16] Seht, diese Spitzchen sind nichts anderes als lauter Elektrizitäts-Sauger. Sie saugen begierig dieses polarische Fluidum den ganzen Tag über in sich - und zwar an Tage das positive dieser Polarität. Durch dieses Insichsaugen der positiven Elektrizität, welche entspricht der Zentrifugal-Kraft, da sie in sich eine Fülle ausspricht, werden die Organe ausgedehnt, wodurch dann die Räume größer und größer werden und die Luft durch die Poren notwendig in sich saugen müssen.

17] Zur Nachtzeit aber ändert sich auch die elektrische Polarität, und das elektrische Fluidum entströmt durch die Spitzen oder entladet sich, wie ihr zu sagen pflegt, wodurch dann die Organe wieder enger aneinander treten und die durch die Polarität der Elektrizität selbst ausgeschiedene, unbrauchbare Kohlensäure- und Stickluft hinausstoßen, welche zwei Luftarten der negativen Polarität entsprechen.

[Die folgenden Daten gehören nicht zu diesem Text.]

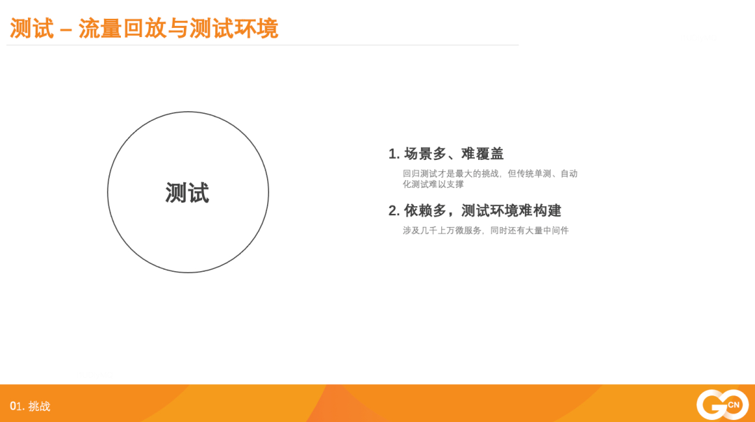 对于小体量的微服务架构,靠个人或者一个团队就可以快速把测试环境搭建起来,那大家可以设想一下,如果有几千甚至上万个微服务时,靠个人或者一个团队很难构建出一套稳定的测试环境,更别说人手一套。其次,在微服务架构下如何进行回归测试,也就是说这次变更到底影响了什么,没有人能说清楚,即使能说清楚,那能不能把所有的场景都准备好,进行回归测试呢?——很难。

18] Nun, da habt ihr die aufgelöste »Haperei«! - Nun werdet ihr sagen: »Jetzt haben wir's!« - Ich aber sage: Ihr habt es zwar wohl, aber eine Hauptsache geht uns noch ab. Und diese ist folgende: daß namentlich diejenigen Pflanzen, die da fortbestehen über den Winter, als dergleichen sind Gesträuche und Bäume, wie auch einige niedere Pflanzen, die dem Botaniker wohl bekannt sein werden, noch ein großartigeres periodisches Atmen haben, das im Verlaufe von einem Jahre einmal ein und einmal aus geschieht. Das heißt, den Sommer hindurch geschieht mit dem täglichen Atmen auch immerwährend das Haupteinatmen, und zwar auf folgende Art:

19] Es geht durch jeden speziellen Atemzug ein solcher Prozeß in dem Organismus des Baumes vor, daß, abgesehen von dem natürlichen Verbrauche der eingeatmeten Luft, immer noch etwas von dieser Luft in dem Organismus zurückbleibt, durch welchen Rest der Baum den Sommer hindurch ganz besonders sein Wachstum im Umfang fördert. Ist nun aber der Sommer vorüber, so wird der nicht verbrauchte, bedeutende Rest wieder hinausgeschafft, was teils in der groben Rinde, teils aber auch in dem an demselben häufig entstandenen Moose ersichtlich wird.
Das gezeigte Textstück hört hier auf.